***** The data

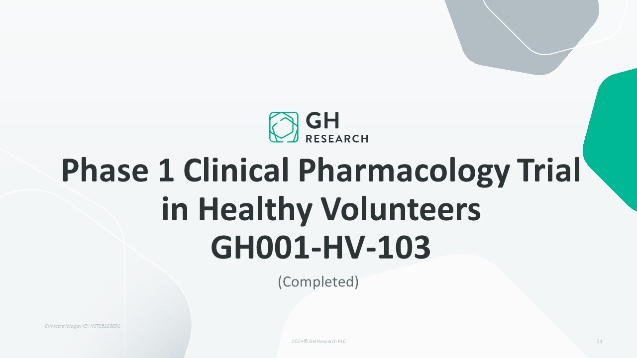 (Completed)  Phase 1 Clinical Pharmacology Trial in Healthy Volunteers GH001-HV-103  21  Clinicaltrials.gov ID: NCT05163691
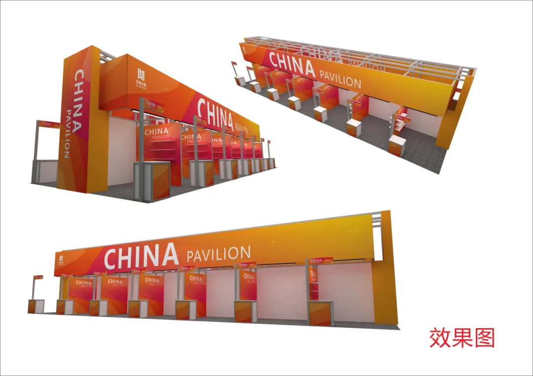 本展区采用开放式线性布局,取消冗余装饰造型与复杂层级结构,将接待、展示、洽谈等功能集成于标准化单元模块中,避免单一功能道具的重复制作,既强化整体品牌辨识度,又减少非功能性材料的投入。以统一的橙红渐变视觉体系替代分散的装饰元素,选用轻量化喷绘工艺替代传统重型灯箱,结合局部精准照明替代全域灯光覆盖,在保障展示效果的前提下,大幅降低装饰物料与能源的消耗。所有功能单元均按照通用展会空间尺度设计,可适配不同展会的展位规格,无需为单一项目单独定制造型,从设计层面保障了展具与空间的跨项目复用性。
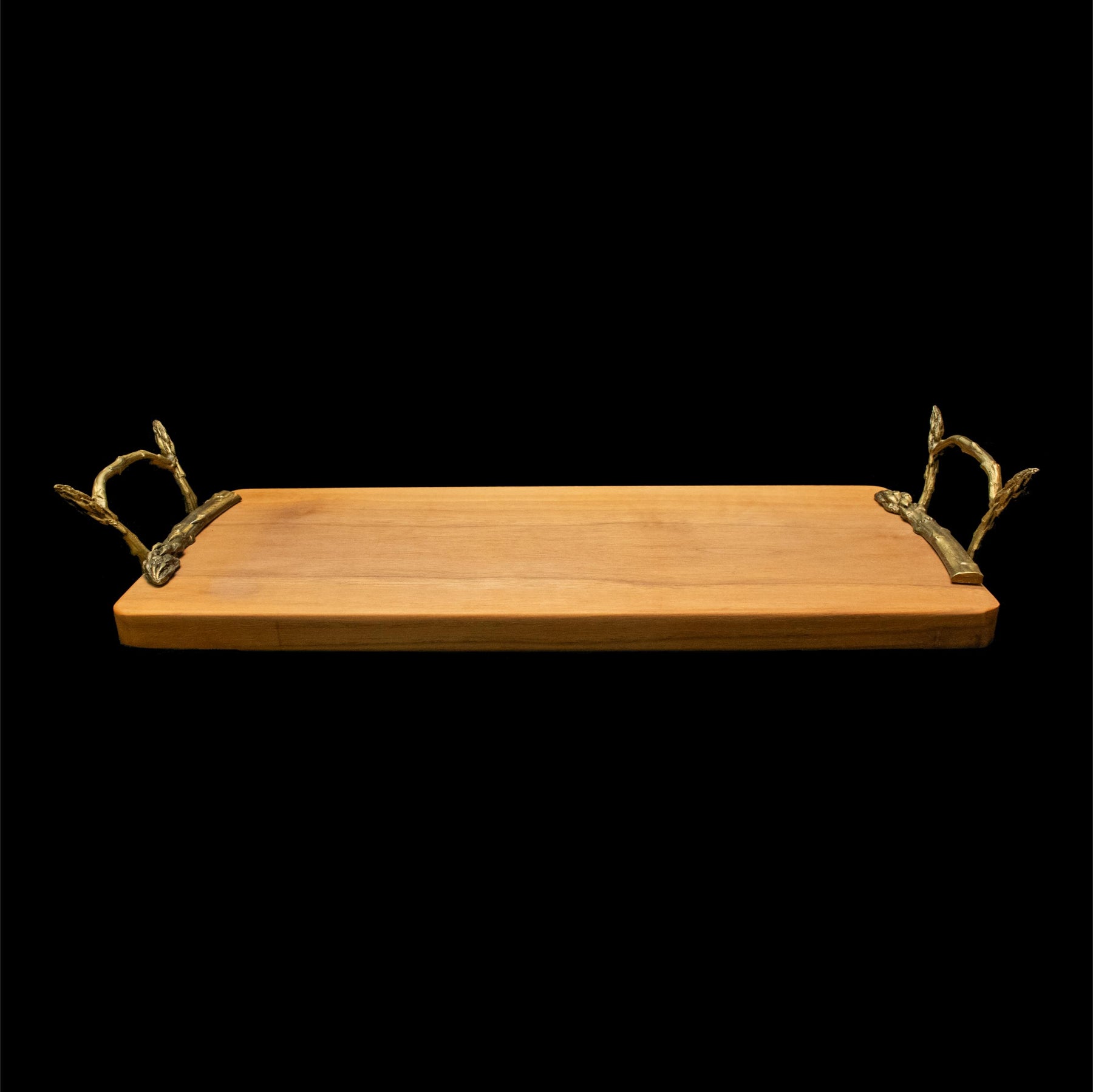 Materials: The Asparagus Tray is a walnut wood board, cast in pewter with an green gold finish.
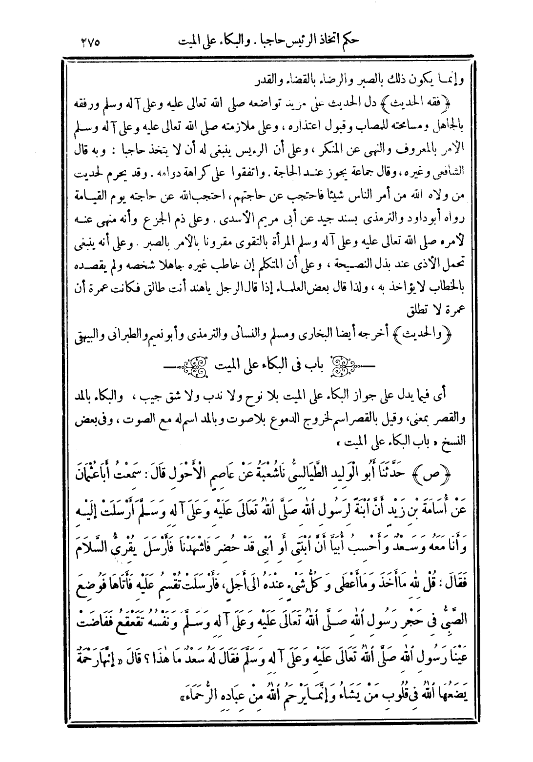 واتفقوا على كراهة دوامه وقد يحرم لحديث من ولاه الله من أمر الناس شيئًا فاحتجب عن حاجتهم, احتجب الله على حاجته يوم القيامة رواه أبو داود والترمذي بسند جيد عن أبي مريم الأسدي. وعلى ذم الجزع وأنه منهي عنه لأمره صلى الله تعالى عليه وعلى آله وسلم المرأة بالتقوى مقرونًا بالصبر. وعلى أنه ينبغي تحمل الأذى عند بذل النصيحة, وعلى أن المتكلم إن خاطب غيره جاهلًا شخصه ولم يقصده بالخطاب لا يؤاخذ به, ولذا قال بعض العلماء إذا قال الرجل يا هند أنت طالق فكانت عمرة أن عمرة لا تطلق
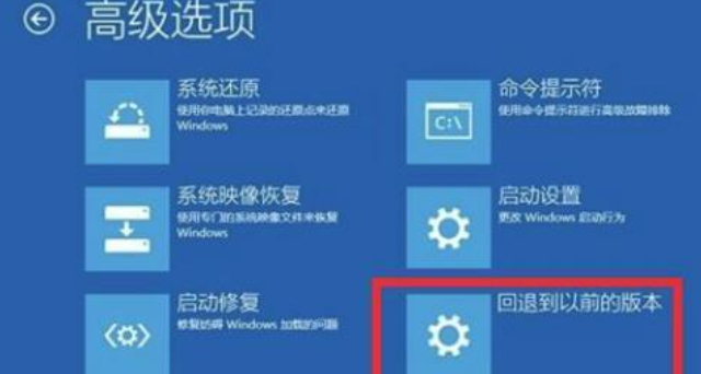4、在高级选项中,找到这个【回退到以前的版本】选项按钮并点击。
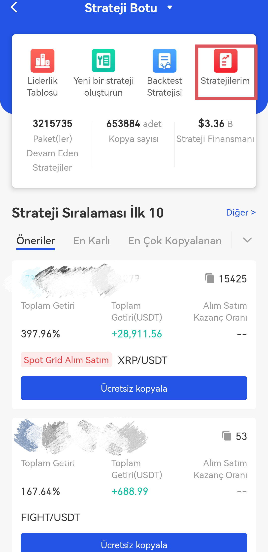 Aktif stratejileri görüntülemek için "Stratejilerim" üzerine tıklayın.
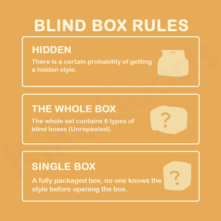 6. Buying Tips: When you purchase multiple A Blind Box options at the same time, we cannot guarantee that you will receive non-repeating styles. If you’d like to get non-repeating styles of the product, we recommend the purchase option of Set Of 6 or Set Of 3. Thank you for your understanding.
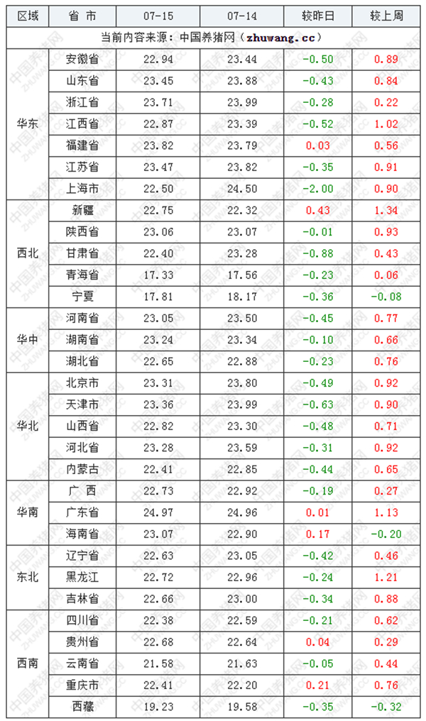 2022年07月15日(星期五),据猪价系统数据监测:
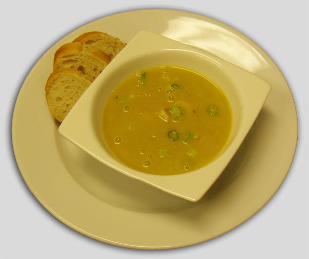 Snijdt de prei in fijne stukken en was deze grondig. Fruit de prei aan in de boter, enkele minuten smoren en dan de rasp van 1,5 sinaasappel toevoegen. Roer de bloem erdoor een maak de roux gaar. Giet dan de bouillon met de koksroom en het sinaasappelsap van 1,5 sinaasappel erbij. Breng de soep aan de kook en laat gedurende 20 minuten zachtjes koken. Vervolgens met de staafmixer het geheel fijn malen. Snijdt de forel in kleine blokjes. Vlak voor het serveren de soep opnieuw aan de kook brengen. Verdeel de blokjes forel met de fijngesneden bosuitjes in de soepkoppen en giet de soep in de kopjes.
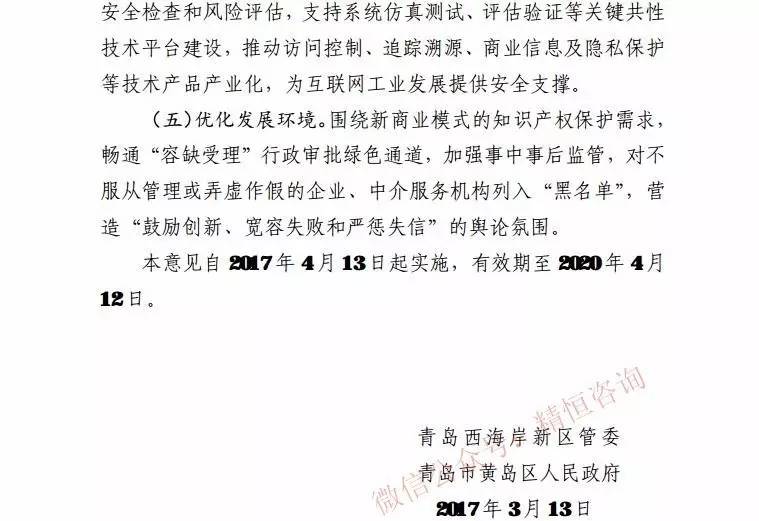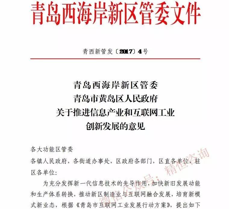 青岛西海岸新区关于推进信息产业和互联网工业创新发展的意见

**********

**Task item**:
Retype each record exactly as it stands, but do not include the pictures.

**Expected answer**:
 (Completed)  Phase 1 Clinical Pharmacology Trial in Healthy Volunteers GH001-HV-103  21  Clinicaltrials.gov ID: NCT05163691
 本展区采用开放式线性布局,取消冗余装饰造型与复杂层级结构,将接待、展示、洽谈等功能集成于标准化单元模块中,避免单一功能道具的重复制作,既强化整体品牌辨识度,又减少非功能性材料的投入。以统一的橙红渐变视觉体系替代分散的装饰元素,选用轻量化喷绘工艺替代传统重型灯箱,结合局部精准照明替代全域灯光覆盖,在保障展示效果的前提下,大幅降低装饰物料与能源的消耗。所有功能单元均按照通用展会空间尺度设计,可适配不同展会的展位规格,无需为单一项目单独定制造型,从设计层面保障了展具与空间的跨项目复用性。
 Materials: The Asparagus Tray is a walnut wood board, cast in pewter with an green gold finish.
 واتفقوا على كراهة دوامه وقد يحرم لحديث من ولاه الله من أمر الناس شيئًا فاحتجب عن حاجتهم, احتجب الله على حاجته يوم القيامة رواه أبو داود والترمذي بسند جيد عن أبي مريم الأسدي. وعلى ذم الجزع وأنه منهي عنه لأمره صلى الله تعالى عليه وعلى آله وسلم المرأة بالتقوى مقرونًا بالصبر. وعلى أنه ينبغي تحمل الأذى عند بذل النصيحة, وعلى أن المتكلم إن خاطب غيره جاهلًا شخصه ولم يقصده بالخطاب لا يؤاخذ به, ولذا قال بعض العلماء إذا قال الرجل يا هند أنت طالق فكانت عمرة أن عمرة لا تطلق
4、在高级选项中,找到这个【回退到以前的版本】选项按钮并点击。
 Aktif stratejileri görüntülemek için "Stratejilerim" üzerine tıklayın.
 6. Buying Tips: When you purchase multiple A Blind Box options at the same time, we cannot guarantee that you will receive non-repeating styles. If you’d like to get non-repeating styles of the product, we recommend the purchase option of Set Of 6 or Set Of 3. Thank you for your understanding.
 2022年07月15日(星期五),据猪价系统数据监测:
 Snijdt de prei in fijne stukken en was deze grondig. Fruit de prei aan in de boter, enkele minuten smoren en dan de rasp van 1,5 sinaasappel toevoegen. Roer de bloem erdoor een maak de roux gaar. Giet dan de bouillon met de koksroom en het sinaasappelsap van 1,5 sinaasappel erbij. Breng de soep aan de kook en laat gedurende 20 minuten zachtjes koken. Vervolgens met de staafmixer het geheel fijn malen. Snijdt de forel in kleine blokjes. Vlak voor het serveren de soep opnieuw aan de kook brengen. Verdeel de blokjes forel met de fijngesneden bosuitjes in de soepkoppen en giet de soep in de kopjes.
 青岛西海岸新区关于推进信息产业和互联网工业创新发展的意见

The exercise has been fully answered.